Donnerstag, 26. Mai, Tag 17: Ein Parcours der Glückseligkeit, durch Kässpatzen abgerundet

Wer mit mir wandert, der sollte nicht denken, wir laufen nur so durch die Gegend, nein nein! Da ich ja jeden Tag meiner Tour gaaanz genau ins allerletzte Detail geplant habe (…), so wusste ich natürlich auch heute, was ansteht. Und hab mir da für meine Mitwanderer Lena und Matthias sowie meine Freundin aus dem Sportstudium Claudi und ihren Freund Heiko richtig was einfallen lassen: Von Bahngleisen über Ziegen bis hin zu Mördersteigungen, Wirtschaft und Weitblicken – ein Erlebnisparcours,  für mich ein Parcours der Glückseligkeit.

Claudi und Hanna leben den Glückseligkeits-Parcours aus :)

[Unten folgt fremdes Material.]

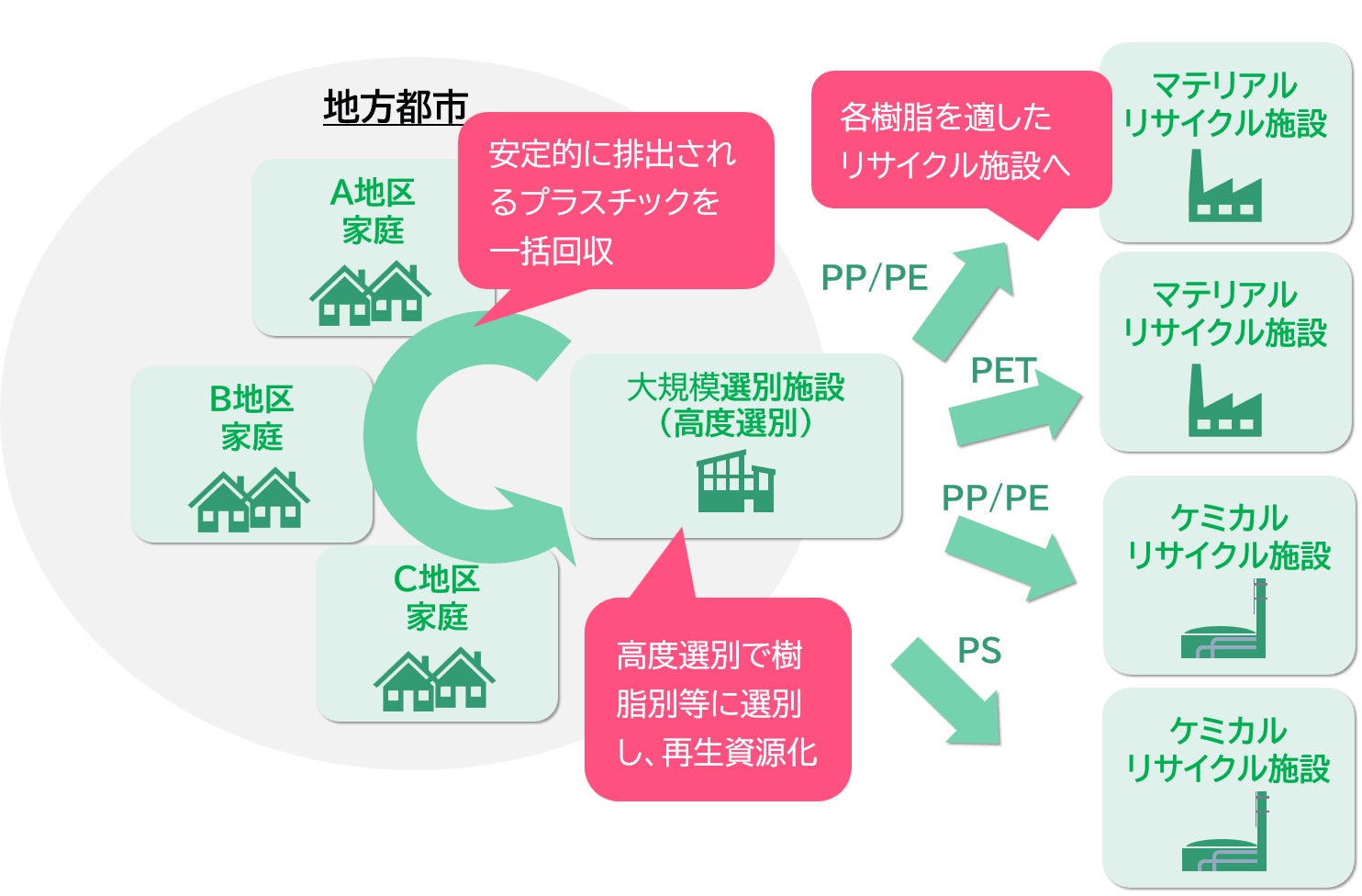 ― 家庭排出の廃プラスチックを集約し、大規模選別施設での高度選別を実施

Claudi und Hanna leben den Glückseligkeits-Parcours aus 🙂

Frisch auf!, ging es am Campingplatz Kahler See – prompt erste Erlebnisstation: Ein Naturlehrpfad als Anschluss den Wanderweg, der uns nach Alzenau bringen sollte. Ich hatte die Neugier meiner Crew geweckt und versprach noch mehr, die Aufregung, ja Spannung gar, war regelrecht zu greifen, die die Vier ergriffen hatte! Die erste Aufgabe meisterten sie bravourös: Das Lesen der Karte funktionierte, wir waren auf dem richtigen Weg in die richtige Richtung.

Die Test-Crew: Werden Sie das Wander-Diplom erhalten?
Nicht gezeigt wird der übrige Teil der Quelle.